Citation Bugs Cost One Dev 70% of His Build Time. Here Are the 6 Failure Modes He Mapped.

Building the retrieval pipeline for a legal AI assistant took 30% of the project. Getting the LLM to cite sources correctly took the other 70%.

That’s the ratio a developer shared after shipping an AI research tool for a German law firm. The pipeline was the easy part. The hard part was convincing the model to stop inventing its own citation format. He went through six distinct failure modes before he had something a lawyer would actually trust. Each one was a different flavor of the same problem: the model knew how to find information but not how to attribute it with precision.

Why This Problem Hits Different in Legal Work

In law, vague attribution is worse than no attribution. “According to legal guidelines” is worthless. “Pursuant to Article 32(1)(a) DSGVO as interpreted by the EuGH in C-300/21” is what a lawyer actually needs.
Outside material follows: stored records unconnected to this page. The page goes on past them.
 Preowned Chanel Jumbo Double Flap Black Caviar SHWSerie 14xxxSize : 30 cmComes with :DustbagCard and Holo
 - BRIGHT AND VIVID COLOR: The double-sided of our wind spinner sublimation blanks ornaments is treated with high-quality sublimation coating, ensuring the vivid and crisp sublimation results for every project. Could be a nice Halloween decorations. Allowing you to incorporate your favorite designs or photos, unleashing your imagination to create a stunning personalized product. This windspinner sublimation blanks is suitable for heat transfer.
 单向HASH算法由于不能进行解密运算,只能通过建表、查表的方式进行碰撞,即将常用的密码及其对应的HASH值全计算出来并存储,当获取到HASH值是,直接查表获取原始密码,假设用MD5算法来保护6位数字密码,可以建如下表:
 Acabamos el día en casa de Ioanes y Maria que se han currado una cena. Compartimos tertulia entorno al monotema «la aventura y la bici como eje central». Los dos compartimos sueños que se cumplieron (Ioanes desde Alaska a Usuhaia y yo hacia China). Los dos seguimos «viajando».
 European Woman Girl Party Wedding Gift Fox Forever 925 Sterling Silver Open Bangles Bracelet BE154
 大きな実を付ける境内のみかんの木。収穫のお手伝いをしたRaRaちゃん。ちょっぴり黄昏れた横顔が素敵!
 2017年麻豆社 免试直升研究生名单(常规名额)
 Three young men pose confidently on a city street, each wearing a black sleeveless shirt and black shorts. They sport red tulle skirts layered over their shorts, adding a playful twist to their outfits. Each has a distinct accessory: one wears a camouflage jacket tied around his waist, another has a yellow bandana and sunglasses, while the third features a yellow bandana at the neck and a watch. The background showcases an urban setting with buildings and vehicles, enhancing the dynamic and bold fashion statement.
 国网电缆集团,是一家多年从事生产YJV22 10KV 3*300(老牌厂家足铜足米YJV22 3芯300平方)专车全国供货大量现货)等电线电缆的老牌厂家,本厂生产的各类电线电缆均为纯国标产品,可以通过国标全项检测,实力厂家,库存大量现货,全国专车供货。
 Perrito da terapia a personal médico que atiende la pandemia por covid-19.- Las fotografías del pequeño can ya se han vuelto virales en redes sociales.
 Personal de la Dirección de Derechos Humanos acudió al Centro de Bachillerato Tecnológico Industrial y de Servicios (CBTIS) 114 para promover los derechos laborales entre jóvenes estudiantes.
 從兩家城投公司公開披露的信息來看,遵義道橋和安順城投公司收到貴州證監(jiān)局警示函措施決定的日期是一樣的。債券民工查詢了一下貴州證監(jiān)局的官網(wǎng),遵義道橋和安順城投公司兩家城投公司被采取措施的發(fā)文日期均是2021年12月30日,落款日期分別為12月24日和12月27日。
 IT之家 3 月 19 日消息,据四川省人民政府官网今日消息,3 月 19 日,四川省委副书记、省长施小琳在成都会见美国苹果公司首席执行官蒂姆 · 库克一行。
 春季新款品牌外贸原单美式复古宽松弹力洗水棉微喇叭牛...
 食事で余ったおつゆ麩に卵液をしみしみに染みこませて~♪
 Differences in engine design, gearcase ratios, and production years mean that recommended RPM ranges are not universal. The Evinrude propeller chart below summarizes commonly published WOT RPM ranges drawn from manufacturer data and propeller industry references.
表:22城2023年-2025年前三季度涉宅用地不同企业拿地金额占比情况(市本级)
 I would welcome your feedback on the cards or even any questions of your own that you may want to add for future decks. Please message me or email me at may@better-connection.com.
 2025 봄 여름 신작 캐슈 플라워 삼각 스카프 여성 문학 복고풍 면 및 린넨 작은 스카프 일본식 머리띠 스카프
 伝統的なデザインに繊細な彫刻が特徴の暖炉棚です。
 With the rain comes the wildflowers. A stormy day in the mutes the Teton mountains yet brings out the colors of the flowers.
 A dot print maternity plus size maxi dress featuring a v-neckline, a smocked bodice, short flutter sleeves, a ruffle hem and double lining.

The specificity is not pedantry. It is how they verify the answer before they stake their name on it.

This matters because lawyers do not use AI output as a final answer. They use it as a starting point for verification. If the citation is malformed, incomplete, or fabricated, the verification step fails entirely and the lawyer has to redo the research from scratch. A bad citation is not just unhelpful, it actively wastes time. Most developers treat citation as a cosmetic layer added at the end. Legal work reveals it is one of the hardest structural problems in applied LLM development.

The 6 Failure Modes (and What Fixed Each One)

🔎 Failure 1: Vague category citations. Instead of naming a document, the model writes “according to professional literature.” It is citing a metadata label, not a source. The model latched onto the category name in the context because that was the most salient text near the relevant passage. Fix: tell the model explicitly “NEVER paraphrase the category name as a source reference” with concrete examples of the bad pattern. Showing the wrong output alongside the correct output in the prompt was more effective than describing the rule in abstract terms.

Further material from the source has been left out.